[Bf-committers] smoothing-relaxation report

raulf at info.upr.edu.cu raulf at info.upr.edu.cu
Mon Dec 27 23:03:49 CET 2010


Hi all :)

 This end of the year /new year will be full of surprises and good news
... I hope that. ;)

  Regarding Unlimited clay I have very good news and also a new surprise
development in particles simulation field ... but sorry, you will have
to wait a bit more for that ;) I have a very low bandwith and in order
to upload a new video I have to do wonders to shrink and split it in
dozens of parts and send it by email to my friend Lapinou ... so new
videos are staking here :(

 Is now the turn of the test smoothing/relaxation algorithm I have being
developing last week:

Blender currently have implemented three smoothing/relaxation algorithms
(not counting the subdivission surfaces because it changes topology but
the output of that algorithm is also a smooth surface) the smooth vertex
editmesh tool, the relax addon and the UV Minimize stretch tool.
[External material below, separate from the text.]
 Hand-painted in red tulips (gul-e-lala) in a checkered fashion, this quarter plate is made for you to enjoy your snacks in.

 I want to point out that there´s not the ideal relaxation algorithm valid
for every object, every relaxation scheme has advantages and
disadvantages over others and are more or less suited for the task.

 The smooth vert algorithm is an all around average solution, is called
laplacian relaxation in the field and while is a very stable method it
suffer from an exesive shrinkage effects of the shapes.
 The relax addon try to solve the shrinkage issue and is very good on
that, but is somehow slower since is based on shrinkwrap and laplacian
smoothing.

 the UV minimize stretch tool perform a different relaxation: is based on
smoothing angles, not edges, and while is very useful for many cases, is
not valid for others (see my test video).
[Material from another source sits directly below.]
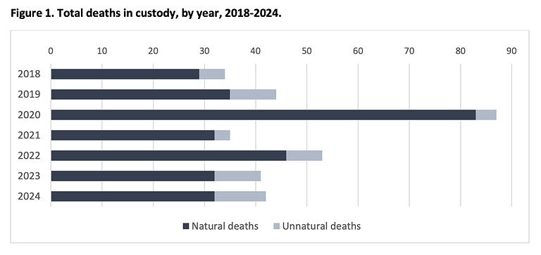 While the number of deaths held fairly steady at an average of 41 per year (excluding a pandemic-related spike in 2020), the prison population fell by a third from more than 19,000 in 2018 to less than13,000 last year, the report notes. That means the overall death rate rose over that time.

 Currently I have implemented four algorithms more (eventually I will only
stay with two of them only)

 1) edge - spring relaxation: it acts push/pulling verts of the mesh based
on elastic forces , very good on retaining original shape much with no
shrinkage, is very similar to other cases but have some ill outputs.
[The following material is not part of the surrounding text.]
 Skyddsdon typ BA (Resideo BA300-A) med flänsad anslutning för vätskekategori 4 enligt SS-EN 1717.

 2) revised ideal length relaxation: is very similar to the spring
relaxation and acts in a similar fashion, without many of the ill cases
that affect the former.

 3) revised laplacian relaxation: this one, since is based on the original
laplacian, is an all around good average solution but with zero shrinkage
and much more faster/cheaper than the relaxation addon since don´t have
to perform shrinkwrap evaluations.

 4) HC - relaxation: taken from the paper "Improved Laplacian Smoothing of
Noisy Surface Meshes" this one again is based on the lalacian relaxation
with a shrinkage component but very small and needed in the
reconstruction cases, this algorithm is very good on smoothing and shape
retaining at the same time.

 all the previous algorithms has boundary/open mesh detection to avoid
shape deformation but again that is an optional user feature. In general,
every smoothing algorithm perform a tradeoff between smoothing and shape
retention: the more shape maintain the less smooth and vice versa, the
first three are aimed to shape retention, while the fourth is aimed in
the middle, to retain shape and to smooth at the same time.

 I have made a new video test, this time with a wider batery tests and all
the smoothing algoritms, since I haven´t implemented yet for UV I
replicate a mesh with a Suzanne´s UV to get an idea of how it may work.
please be a little patient since this may take me very long to upload.